Links to prior enforcement actions
FTC said its response provided the company with information on the joint FTC/FDA effort to police non compliant COVID-19 claims. The company was supplied with links to the more than 400 warning letters that have been issued on the subject. It also included specific information about a FTC action that sought monetary damages against a chiropractor who was making COVID-19 treatment claims on a vitamin D and zinc product that was very similar to the COVID Resist formula.
New name, same claims
The FTC complaint alleges that in response the company changed the name of the product to VIRUS Resist, but “continued to explicitly or implicitly claim that VIRUS Resist can treat, prevent, or mitigate COVID-19.”

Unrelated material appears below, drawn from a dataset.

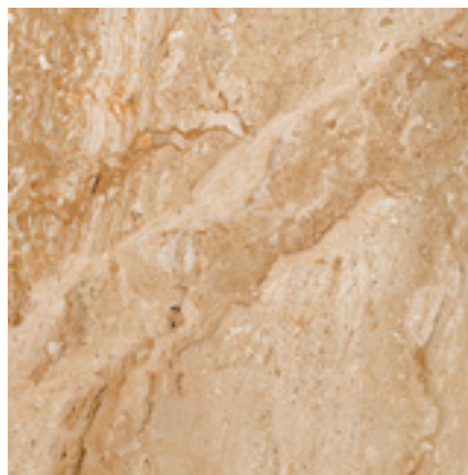
PAV. STONE MARRÓN 45X45 MPB10

Despite the new name, the formula itself remained unchanged and consists of 500 mg of Vitamin C, 37 mcg of Vitamin D3, 37 mcg of Vitamin K2, 35 mg of Zinc, and 500 mg of Quercetin Dihydrate. The same formula is now called BioAssist Immune-fx.
According to FTC, the defendant has provided no credible scientific proof that the formula’s ingredients are effective in treating COVID-19. The action requests the court hand down a permanent injunction against company and Lewis and award monetary damages in the amount of $43,792 per violation to create a fund to pay back consumers who may have been defrauded.